O capítulo 19 do Evangelho de João, aos olhos do leitor descuidado e do coração não iluminado, tem sabor de tragédia e desesperadora derrota. O Cristo apresentado no primeiro capítulo como o Verbo Divino, o Filho de Deus; que se revela como Filho do Homem no capítulo dois, identificado com as necessidades humanas; que ministra aos homens durante Seu ministério terreno como o Mestre Divino, o ganhador de almas, o Grande Médico, o Pão da Vida, a Água da Vida, a Verdade que Liberta, a Luz do Mundo, o Bom Pastor, o Príncipe da Vida, o Rei, Senhor e Servo, o Caminho para o Pai, a Videira Verdadeira, o Doador do Espírito Santo e o Grande Intercessor, é-nos apresentado no último dia de Seu ministério na Terra como Servo Sofredor de Yahweh, para chegar aqui como O SALVADOR CRUCIFICADO. Parece um paradoxo falar de um crucificado como Salvador. Mas é isto mesmo. Ainda que aui O contemplemos preso a uma cruz, Ele é o Salvador. A cruz na qual Ele está pregado é a exposição vívida de até onde Sua identificação conosco, em nossa queda, O levaria.

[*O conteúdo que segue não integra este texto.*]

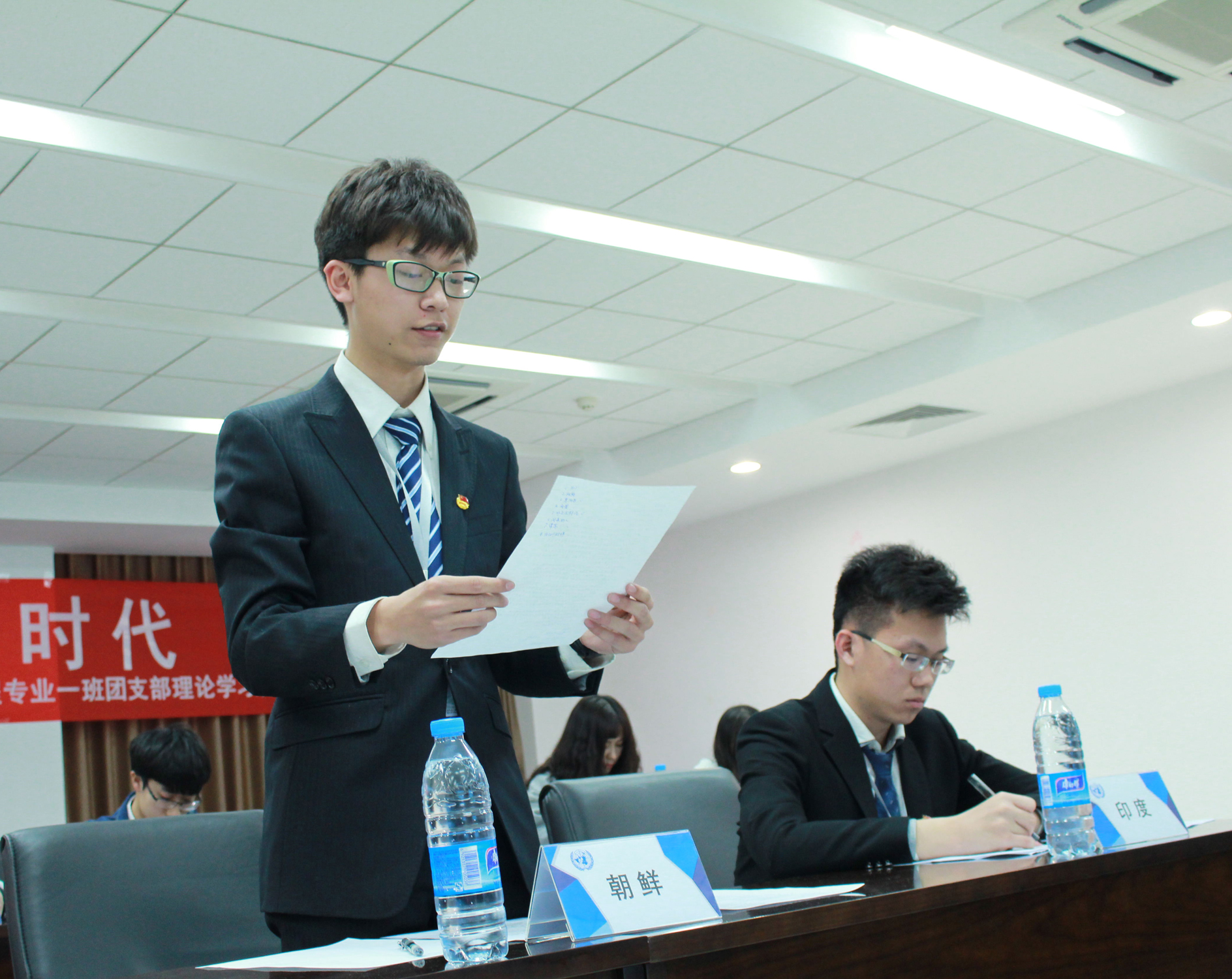 本次理论学习开展了以“是否应该共建世界互联网产业同盟”为议题的模拟联合国活动。在模联活动中,同学们身着正装,注意力集中,有条不紊地发表着所代表的国家的看法,并对相关的议题进行了热烈讨论。草榴社区

João se devota a detalhes em relação aos sofrimentos e morte de Cristo, como aquele que nada deseja saber senão a Cristo, e este crucificado, a fim de gloriar-se somente na cruz de Cristo. Com 891 palavras Ele expõe o drama dos acontecimentos que vão dos excruciantes açoites de Jesus, ao momento em que Seu corpo é depositado no sepulcro.
Estamos diante do desenrolar de um quadro que, por um lado, causa assombro, indignação, revolta, surpresa e comoção. Por outro, reverência, santo temor, devoção, amor, quebrantamento, rendição, gratidão e adoração.
Aos olhos naturais somos expostos à visão de até onde a inveja, a maldade, o ódio gratuito, a selvageria, a insensibilidade, e todas as vis e baixas expressões da natureza humana corrompida pelo pecado podem chegar. O que tudo isso desperta em nós, como bem ilustrado no filme de Mel Gibson sobre a paixão de Cristo, não há como traduzir.
Por outro lado, à luz da revelação bíblica, nos misteriosos caminhos do amor de Deus, ainda que incompreensíveis à mente humana, estamos:
· Diante do ante clímax da obra da redenção, o sacrifício, não de animais, mas do Cordeiro de Deus;
· O Cordeiro está sobre o altar, não do templo, mas da maldita cruz, no Gólgota, diante de todos e sob céus abertos;
· O sacrifício é oferecido não por sacerdotes, mas pó Si próprio e por Deus, pois ninguém O tocaria, se Ele mesmo não se entregasse.
Encontramo-nos diante da oferta pelo nosso próprio pecado, pelo que, ao olhar para este drama, não devemos ver as mãos de Pilatos, dos judeus ou dos romanos infligindo tanta dor, sofrimento e morte ao Filho de Deus, nosso Salvador, mas o nosso pecado, nossa maldade e rebelião. Estamos diante do preço pago pela nossa redenção. O meu e o seu pecado provocaram o que João relata. Dito isto, dada a importância desses acontecimentos, orando por espírito de revelação, leiamos o relato de João, como ele se apresenta, pedindo ao Espírito Santo que grave em nosso ser o quadro real do que tudo isto representa, e que jamais nos esqueçamos do SALVADOR CRUCIFICADO!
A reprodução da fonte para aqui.